● Directions
Copy out exactly the lines spanning the line with "A la maison, nous" to the line with "TUNEUP Men’s Military", inclusive, from the data underneath, with no pictures.

● Record excerpts
☆ ☆ ☆ ☆ ☆ ☆ ☆

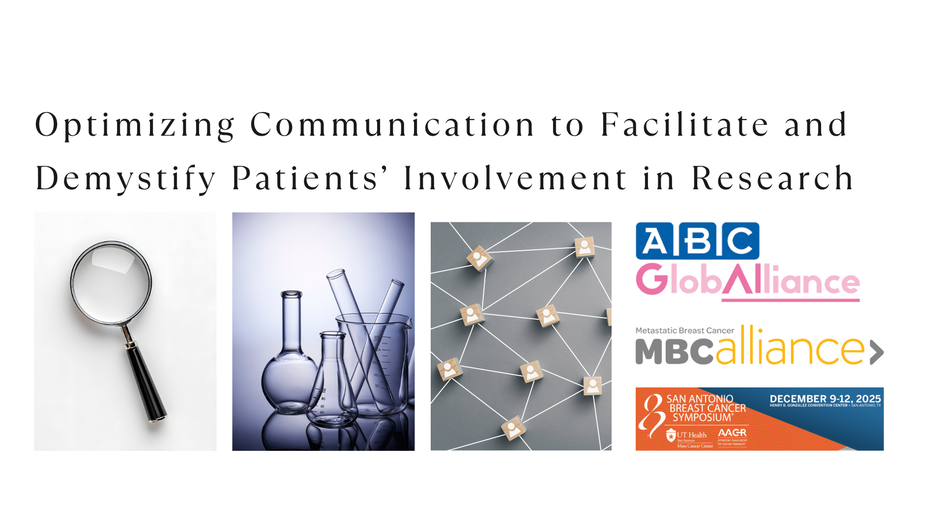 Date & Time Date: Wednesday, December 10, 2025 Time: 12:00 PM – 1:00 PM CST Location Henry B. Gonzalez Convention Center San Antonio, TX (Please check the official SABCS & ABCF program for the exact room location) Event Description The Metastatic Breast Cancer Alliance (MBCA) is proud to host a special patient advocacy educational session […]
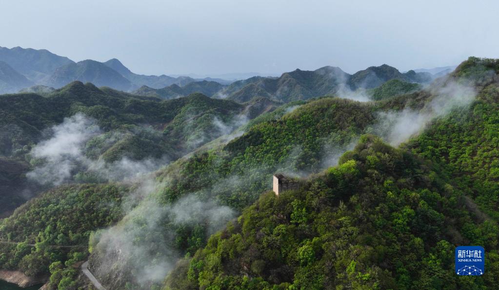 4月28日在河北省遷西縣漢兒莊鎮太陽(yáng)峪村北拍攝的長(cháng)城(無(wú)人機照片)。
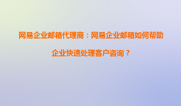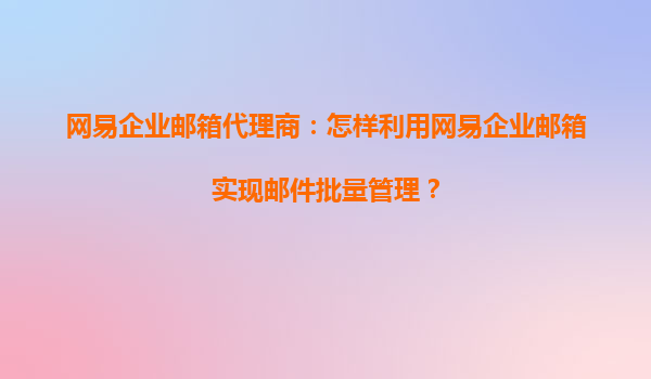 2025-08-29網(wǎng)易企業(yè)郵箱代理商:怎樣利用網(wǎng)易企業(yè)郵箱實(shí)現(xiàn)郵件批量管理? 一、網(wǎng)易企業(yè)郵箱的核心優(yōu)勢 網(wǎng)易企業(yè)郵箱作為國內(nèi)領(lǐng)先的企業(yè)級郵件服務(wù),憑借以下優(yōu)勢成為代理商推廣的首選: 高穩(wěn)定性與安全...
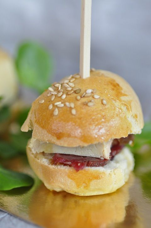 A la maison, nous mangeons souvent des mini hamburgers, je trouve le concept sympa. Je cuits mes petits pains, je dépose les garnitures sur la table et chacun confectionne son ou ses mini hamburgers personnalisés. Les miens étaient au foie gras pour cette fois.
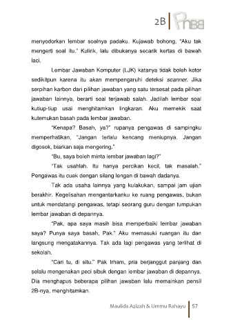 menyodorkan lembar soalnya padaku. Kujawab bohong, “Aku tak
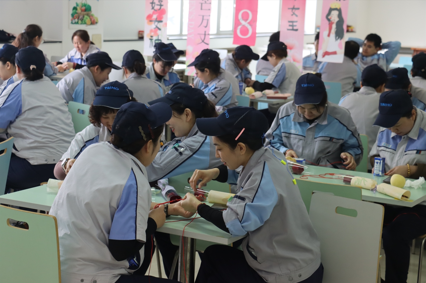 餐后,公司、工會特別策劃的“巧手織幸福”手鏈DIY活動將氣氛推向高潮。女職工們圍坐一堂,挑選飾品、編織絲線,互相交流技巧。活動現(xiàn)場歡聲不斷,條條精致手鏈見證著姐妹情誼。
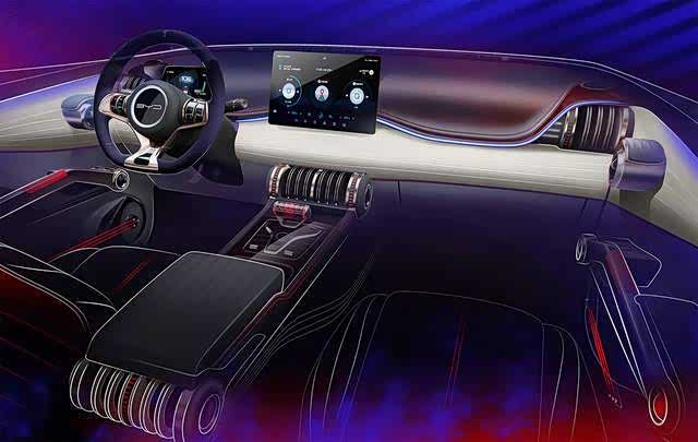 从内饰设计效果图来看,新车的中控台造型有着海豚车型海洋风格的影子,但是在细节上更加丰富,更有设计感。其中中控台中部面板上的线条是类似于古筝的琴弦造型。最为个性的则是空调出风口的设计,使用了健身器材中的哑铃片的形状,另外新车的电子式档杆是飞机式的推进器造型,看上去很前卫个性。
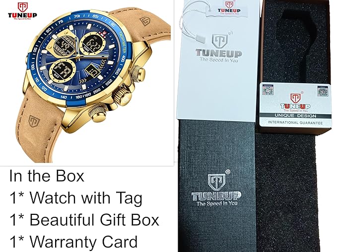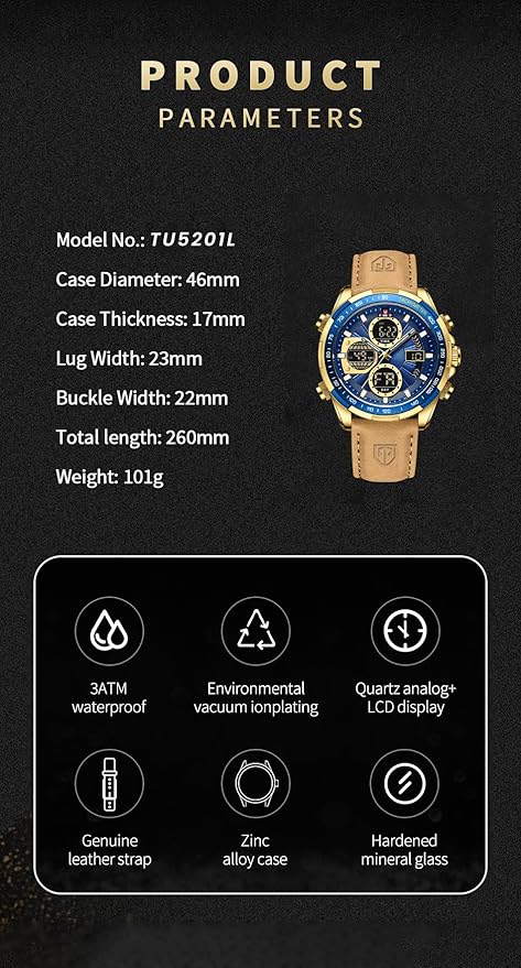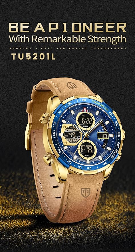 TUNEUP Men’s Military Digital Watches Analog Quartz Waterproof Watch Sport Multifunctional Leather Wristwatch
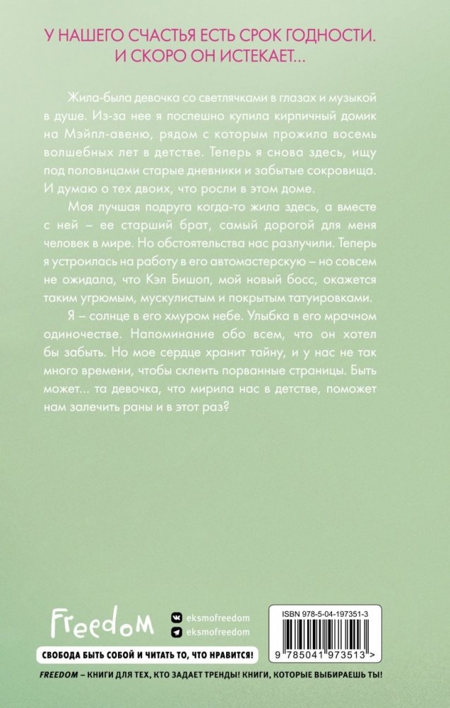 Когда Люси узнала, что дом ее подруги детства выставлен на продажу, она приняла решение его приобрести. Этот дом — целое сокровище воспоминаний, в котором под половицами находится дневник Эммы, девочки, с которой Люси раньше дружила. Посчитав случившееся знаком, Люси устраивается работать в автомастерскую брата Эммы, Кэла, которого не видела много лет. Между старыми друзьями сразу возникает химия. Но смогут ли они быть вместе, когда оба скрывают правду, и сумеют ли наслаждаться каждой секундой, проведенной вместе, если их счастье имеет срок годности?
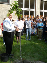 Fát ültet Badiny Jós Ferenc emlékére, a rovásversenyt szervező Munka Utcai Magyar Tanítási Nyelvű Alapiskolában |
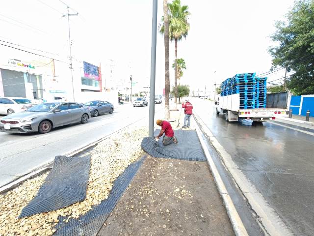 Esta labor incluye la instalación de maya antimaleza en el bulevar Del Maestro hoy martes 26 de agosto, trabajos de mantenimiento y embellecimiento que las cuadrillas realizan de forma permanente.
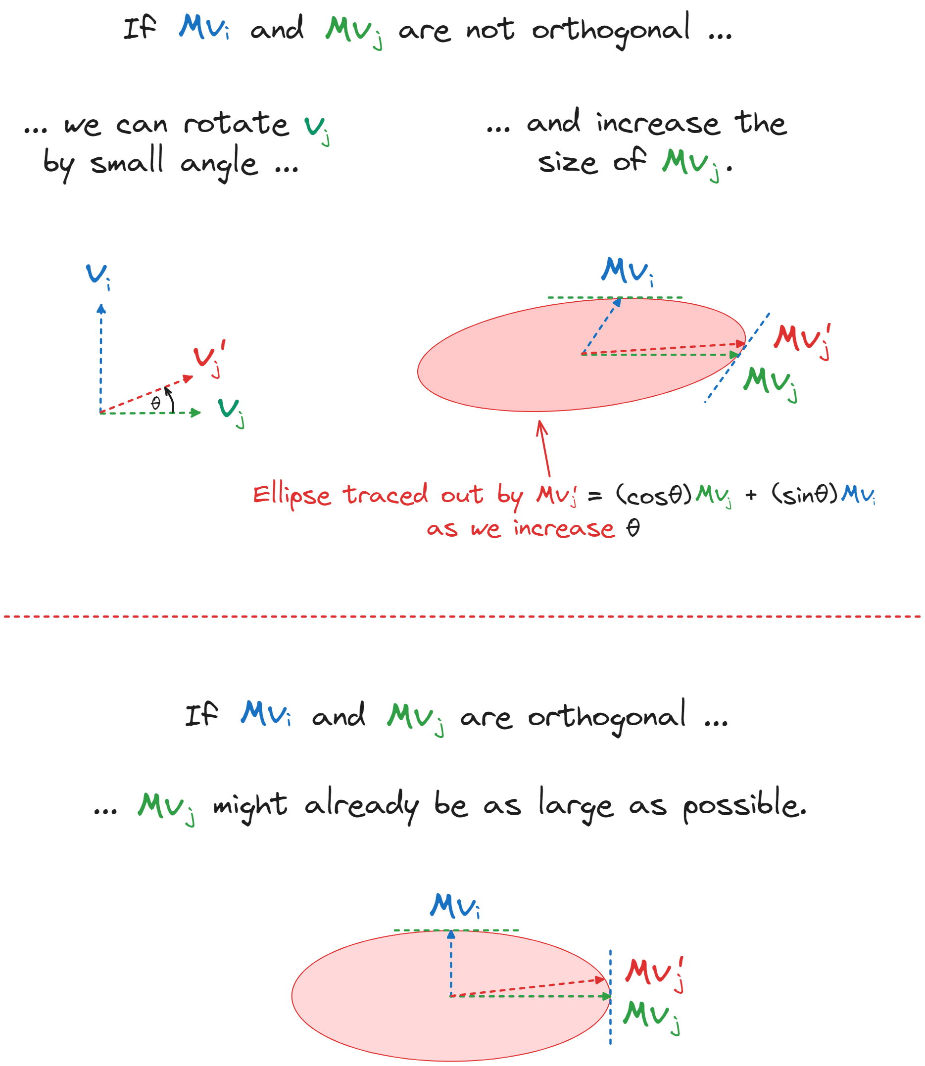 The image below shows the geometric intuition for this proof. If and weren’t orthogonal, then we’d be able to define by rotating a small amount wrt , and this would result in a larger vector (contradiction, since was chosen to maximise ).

☆ ☆ ☆ ☆ ☆ ☆ ☆

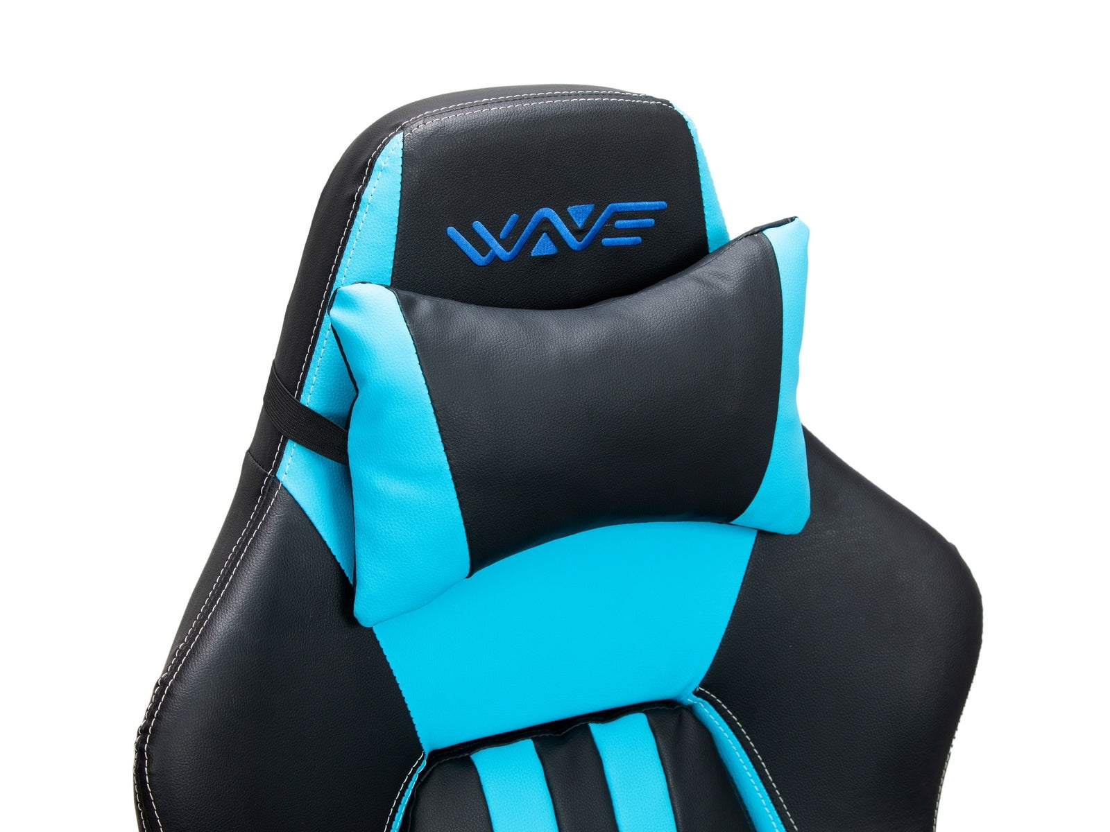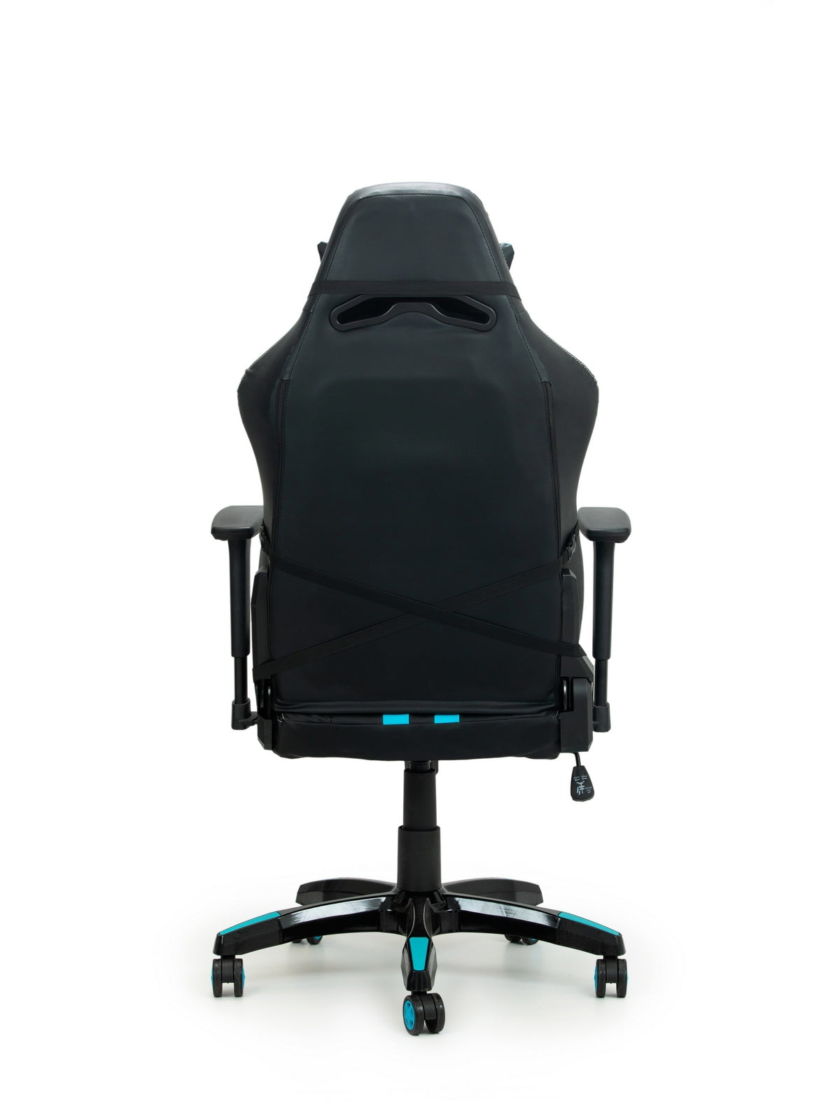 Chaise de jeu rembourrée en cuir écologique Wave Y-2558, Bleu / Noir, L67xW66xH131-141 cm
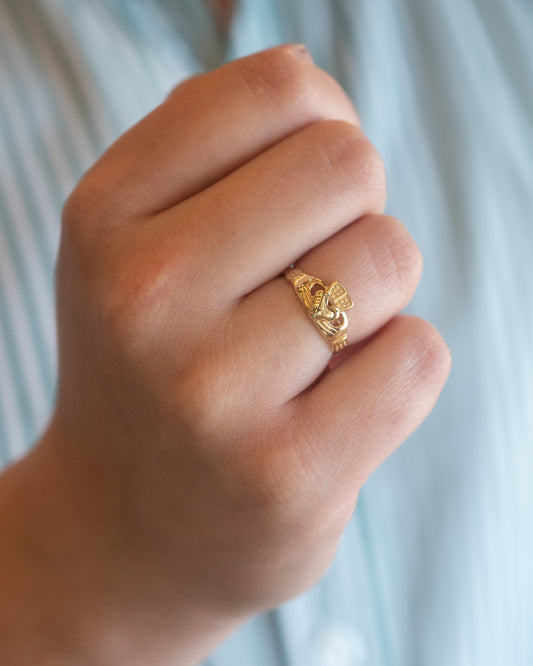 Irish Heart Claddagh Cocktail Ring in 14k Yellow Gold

☆ ☆ ☆ ☆ ☆ ☆ ☆

● Worked solution
 A la maison, nous mangeons souvent des mini hamburgers, je trouve le concept sympa. Je cuits mes petits pains, je dépose les garnitures sur la table et chacun confectionne son ou ses mini hamburgers personnalisés. Les miens étaient au foie gras pour cette fois.
 menyodorkan lembar soalnya padaku. Kujawab bohong, “Aku tak
 餐后,公司、工會特別策劃的“巧手織幸福”手鏈DIY活動將氣氛推向高潮。女職工們圍坐一堂,挑選飾品、編織絲線,互相交流技巧。活動現(xiàn)場歡聲不斷,條條精致手鏈見證著姐妹情誼。
 从内饰设计效果图来看,新车的中控台造型有着海豚车型海洋风格的影子,但是在细节上更加丰富,更有设计感。其中中控台中部面板上的线条是类似于古筝的琴弦造型。最为个性的则是空调出风口的设计,使用了健身器材中的哑铃片的形状,另外新车的电子式档杆是飞机式的推进器造型,看上去很前卫个性。
 TUNEUP Men’s Military Digital Watches Analog Quartz Waterproof Watch Sport Multifunctional Leather Wristwatch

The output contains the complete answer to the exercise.